Situations similar to the one just described are actually more common than desired. A system fault that had no visible symptoms before is relatively rare. A subsection of UNIX administration horror stories (http://www-uxsup.csx.cam.ac.uk/misc/horror.txt) only containing stories about faults that weren't noticed in time could probably be compiled easily.
As experience shows, problems tend to happen when we are least equipped to solve them. To work with them on our terms, we turn to a class of software commonly referred to as network monitoring software. Such software usually allows us to constantly monitor things happening in a computer network using one or more methods and notify the persons responsible if a metric passes a defined threshold.
One of the first monitoring solutions most administrators implement is a simple shell script invoked from crontab, which checks some basic parameters, such as disk usage, or some service state, such as an Apache server. As the server and monitored parameter count grows, a neat and clean script system starts to grow into a performance-hogging script hairball that costs more time in upkeep than it saves. While the do-it-yourself crowd claims that nobody needs dedicated software for most tasks (monitoring included), most administrators will disagree as soon as they have to add switches, UPSes, routers, IP cameras, and a myriad of other devices to the swarm of monitored objects.
So, what basic functionality can expect from a monitoring solution? Let's take a look:
- Data gathering: This is where everything starts. Usually, data is gathered using various methods, including Simple Network Management Protocol (SNMP), Zabbix agents, Intelligent Platform Management Interface (IPMI), and Java Management Extensions (JMX).
- Data storage: Once we have gathered the data, it doesn't make sense to throw it away, so we will often want to store it for later analysis.
- Alerting: Gathered data can be compared to thresholds and alerts sent out when required using different channels, such as email or SMS.
- Visualization: Humans are better at distinguishing visualized data than raw numbers, especially when there's a lot of data. As we have data already gathered and stored, it is easy to generate simple graphs from it.

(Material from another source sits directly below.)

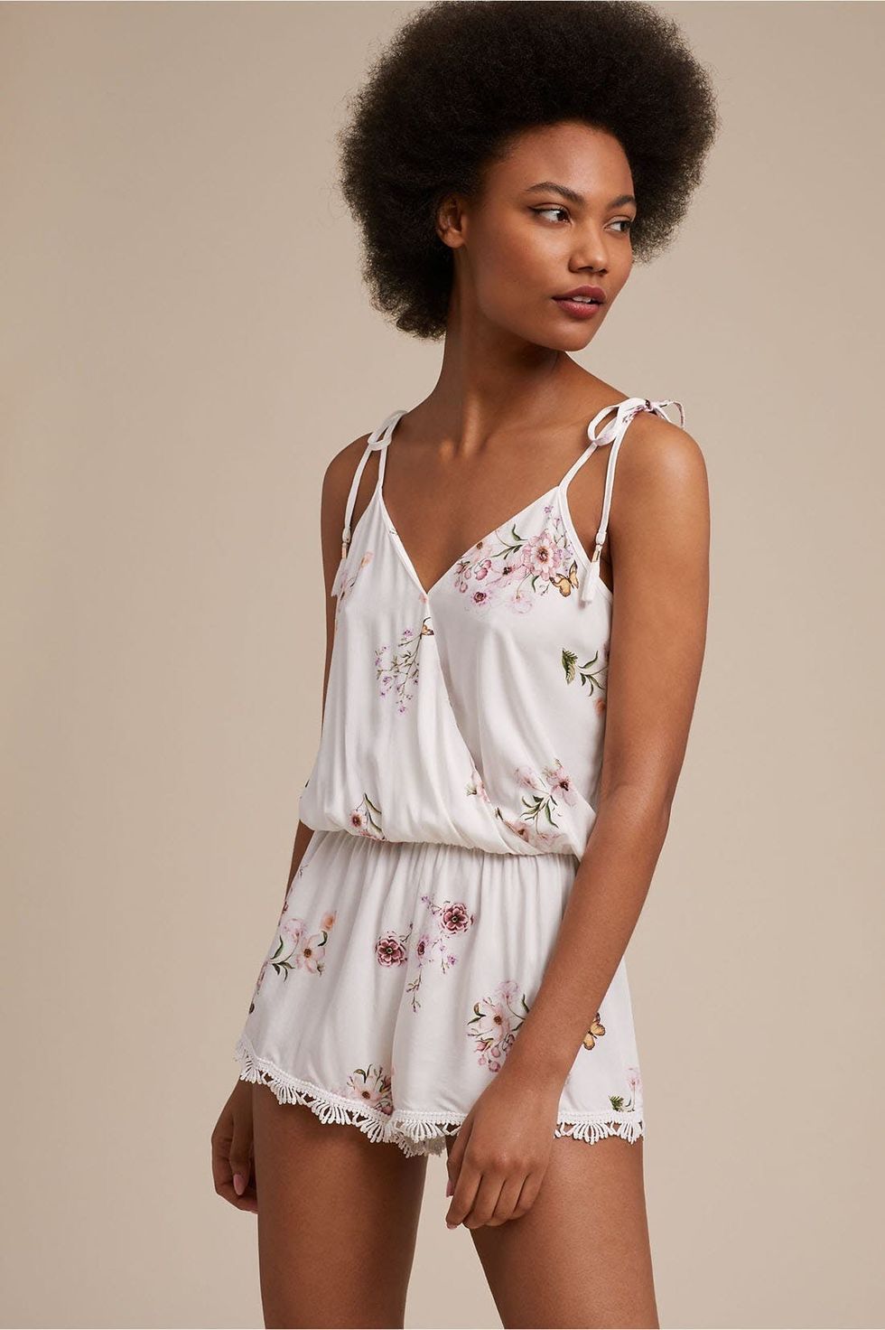Safari: If you're spending your honeymoon on a safari or other adventure, the last thing you want to do after a long day of activities is to struggle into a tight bodysuit with straps and clasps. Opt for easy, casual rompers, like this Eberjey Foxtail Dreamer Teddy ($111), which are more seductive than your old pjs but still comfortable for a night in a safari tent.

Sounds simple? That's because it is. But then we start to want more features, such as easy and efficient configuration, escalations, and permission delegation. If we sit down and start listing the things we want to keep an eye out for, it may turn out that that area of interest extends beyond the network, for example, a hard drive that has Self-Monitoring, Analysis, and Reporting Technology (S.M.A.R.T) errors logged, an application that has too many threads, or a UPS that has one phase overloaded. It is much easier to manage the monitoring of all of these different problem categories from a single configuration point.
In the quest for a manageable monitoring system, wondrous adventurers stumbled upon collections of scripts much like the way they themselves implemented obscure and not-so-obscure workstation-level software and heavy, expensive monitoring systems from big vendors.
Many went with a different category—free software. We will look at a free software monitoring solution, Zabbix.